Miss Hagelin’s article1 puts the treatment I got in perspective, and it hoists a warning flag to publishers about accepting unknown writers as “equals” in the news and opinion milieu.

This brings us round to internet sites where unfettered commentary can be attached to articles that its approved writers have posted. No serious publication does this. Papers like the Washington Post, Washington Times, and NY Times print only a few letters which reinforce a line of thought that serves the paper’s purpose. Others – of which there may be thousands per day – are not published.
A site that wants to feature serious writing has to exercise some control over comments that are attached to pieces that its writers have spent time and effort producing. I’ve developed a pretty thick skin over two decades of published writing, but other writers might lack that experience. After receiving enough comments like “Rubbish” or “Obscene” or “You’re just a dumb #&@%$” etc., some writers will decide that the game isn’t worth the candle. Who wants to spend days working on a piece, but not send the link to your granddaughters because of the vicious, tasteless comments attached to it?
Driving out writers in this way deprives readers of a diversity of thought and analysis, and it does the site no good. Thick skin or not, even I have my limits. I don’t need to be praised and worshipped, and I don’t mind if someone submits a reasoned disagreement to what I’ve written, but nobody deserves to be called crap or a moron.

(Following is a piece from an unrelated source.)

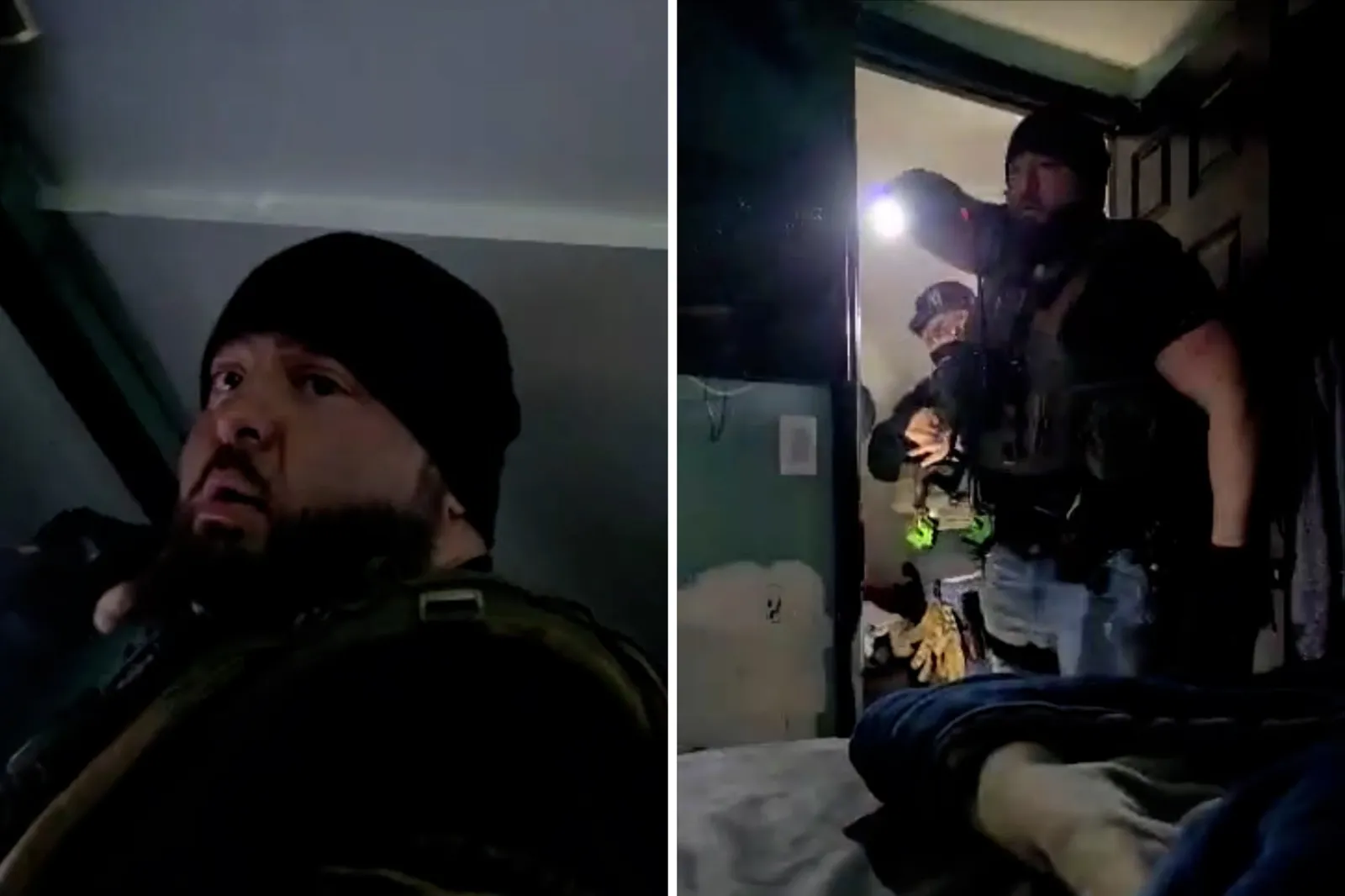 Agents opened a bedroom door forcefully, with a flashlight directed toward a woman holding a recording device, footage from inside the home shows.
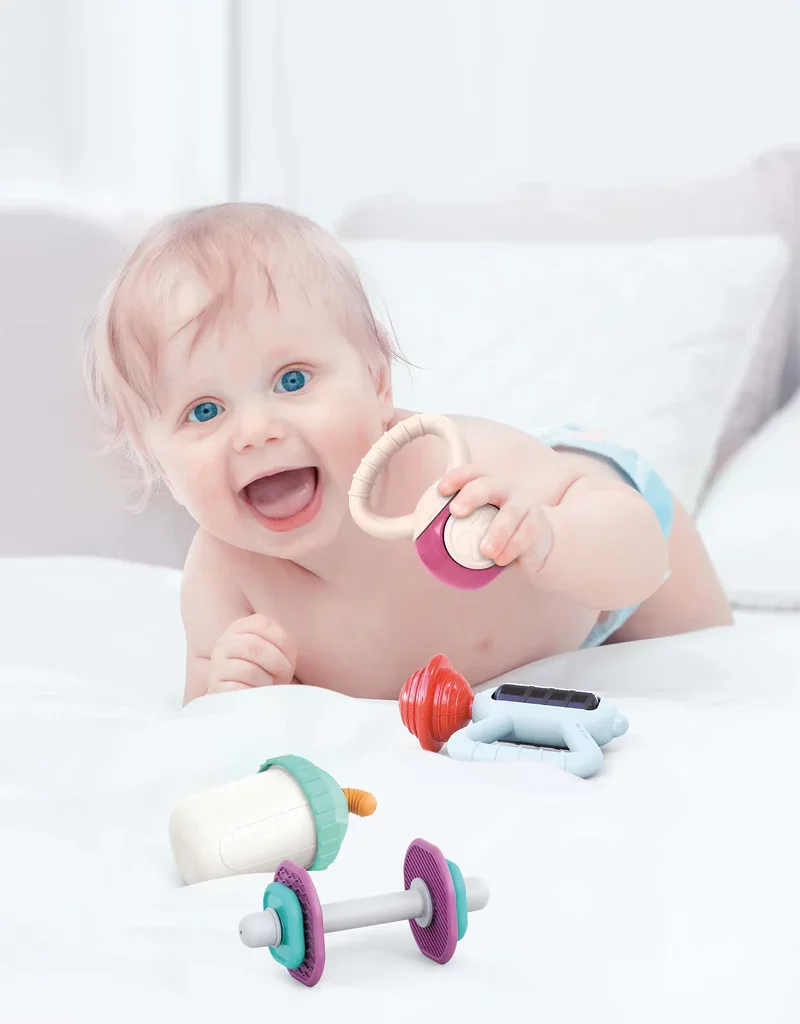 ۹ قطعه متنوع: شامل دمبل، حلقه، شیکر و دندانگیر برای تحریک حواس

My readers and most of my colleagues know who I am. But who are all those literary “critics” who feel so free to blast ideas they don’t like and hurl invective at writers? I’d like to know, and I hope my readers want to know, too. When you publish, you don’t get to be anonymous, and you’re not entitled to publication of whatever wild thought comes into your mind because your wife burned the toast that morning.
Commentary writing is (or should be) like a sporting contest conducted in a defined arena, with known boundaries and rules. Umpires ensure that players obey the rules, and there’s an audience of spectators. They can cheer, boo, and make rude noises and gestures, but there are limits to how far their displeasure can go. They are not allowed on the field of play.
My recommendation for TBE would be implementation of a new editorial policy which filters attached comments for suitability. This will help both writers and readers, as well as the site itself. A clear announcement of the new policy could be posted at the “Comments” section following each article.